Career InsightsBusiness|Data Science Careers|Data Science Jobs|Non-Technical|Tutorialposted by Daniel Gutierrez September 27, 2018 Daniel Gutierrez
For those of us in the profession, we’re constantly being reminded of the drastic shortage of data scientists. It’s only going to get worse before it gets better since the demand for technologies like machine learning, AI, and deep learning are on such an upward trajectory. As a result of this deficiency, we’re seeing a lot of people sensing high-paying employment opportunities, and making the transition from other professions. As a result of this onslaught, the problem for employers is clear: you’re not always getting the best candidates for your open positions.
What to do? Many firms craft employment ads that are seemingly designed to scare off candidates. Not everyone can fill the role of a data science “unicorn” calling for a Ph.D. in computer science and applied statistics, along with years of domain-specific experience. Of course, there are brave souls who apply for these jobs without the requisite knowledge and experience. You just need to effectively filter out the imposters.
The short list below is something I came up with to be used by hiring managers for data science positions (read: not data engineers) to help weed out the folks who are stretching reality with respect to their abilities. It’s true that many tech firms will include grueling coding tests during interviews, but these questions are more nuanced, focusing more on foundational knowledge, down-in-the-trenches experience, and data science common sense. The idea is to see if they know the basics, can create a viable strategy, and can practically solve a problem.
- What is the significance of the normal distribution to data science? This question is designed to demonstrate an understanding of one of the most basic elements of data science. It would be great if the response involved a discussion of the Central Limit Theorem, but maybe that’s too much to ask for. And maybe getting the mathematical formula for the Gaussian probability distribution function is an overreach. But aside from a mention of the “bell curve” it would be nice to hear something along the lines of: its mean, median and mode are all same, or the entire distribution can be specified using just two parameters – mean and variance, or maybe a description of its importance to linear regression (the workhorse of data science).
- Tell me about your passion for data science. Do you: attend local meetups, participate in data challenges like Kaggle, work to use data for common good like public data hacking, speak at conferences, write books or articles, etc.? The point of this question is to determine whether the candidate feels that data science is their true calling. Do they think and dream about data? Do they see a problem and instantly look for a solution involving patterns in data? What books are in their library? A related question is how much does a mathematical foundation for data science play a role in how they think about the subject? A data scientist who understands the math behind the algorithms will typically perform much better.
- Describe that last time you experienced frustration in a data science project you were working on, and how did you overcome it? Not all data science projects progress swimmingly along, as many potential roadblocks may occur. This question probes the depth of their true experience and how they managed to handle inevitable problems. People with scant knowledge and experience will easily be exposed here.

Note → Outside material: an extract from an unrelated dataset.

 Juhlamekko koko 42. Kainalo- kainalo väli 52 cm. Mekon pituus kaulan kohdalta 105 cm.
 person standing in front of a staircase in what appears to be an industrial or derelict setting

- Think back to a past data science project you worked on. If the powers that be asked you to change one of your data sources, and thus use different predictors, how would you alter your solution? This question relates to the previous role the candidate has played, and how well they adapted to changing requirements such as introducing new data sets. Many times, lower level data scientists are simply given a data set with a list of predictors to use, without providing any input to their suitability. Heavier contributors, on the other hand, will be involved with dataset selection, feature engineering, and statistical analysis. You probably want a more well-rounded candidate for your team.

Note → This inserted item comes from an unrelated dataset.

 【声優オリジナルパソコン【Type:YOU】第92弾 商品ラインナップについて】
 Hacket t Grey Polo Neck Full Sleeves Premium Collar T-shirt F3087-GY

- Research has stated that 2.3 billion people have been affected by floods in the last two decades. Describe how you’d approach a data science project to predict upcoming floods in the next 100–500 years. These predictions can be used to build dams at correct locations to minimize loss. This kind of question, or one more in alignment to your specific industry, calls for consideration of the “data science process” including problem formulation, data acquisition, data wrangling, exploratory data analysis, feature engineering, modeling the data (build, fit, and validate a model), and data storytelling with the results. The candidate needs to be intimately familiar with a data scientist’s workflow.
If you’re looking for a good data scientist versus someone who just claims a title, then the above questions are surprisingly effective to quickly differentiate between the two. The good thing about these questions is that you can fine-tune the acceptable answers in terms of your industry or even your company.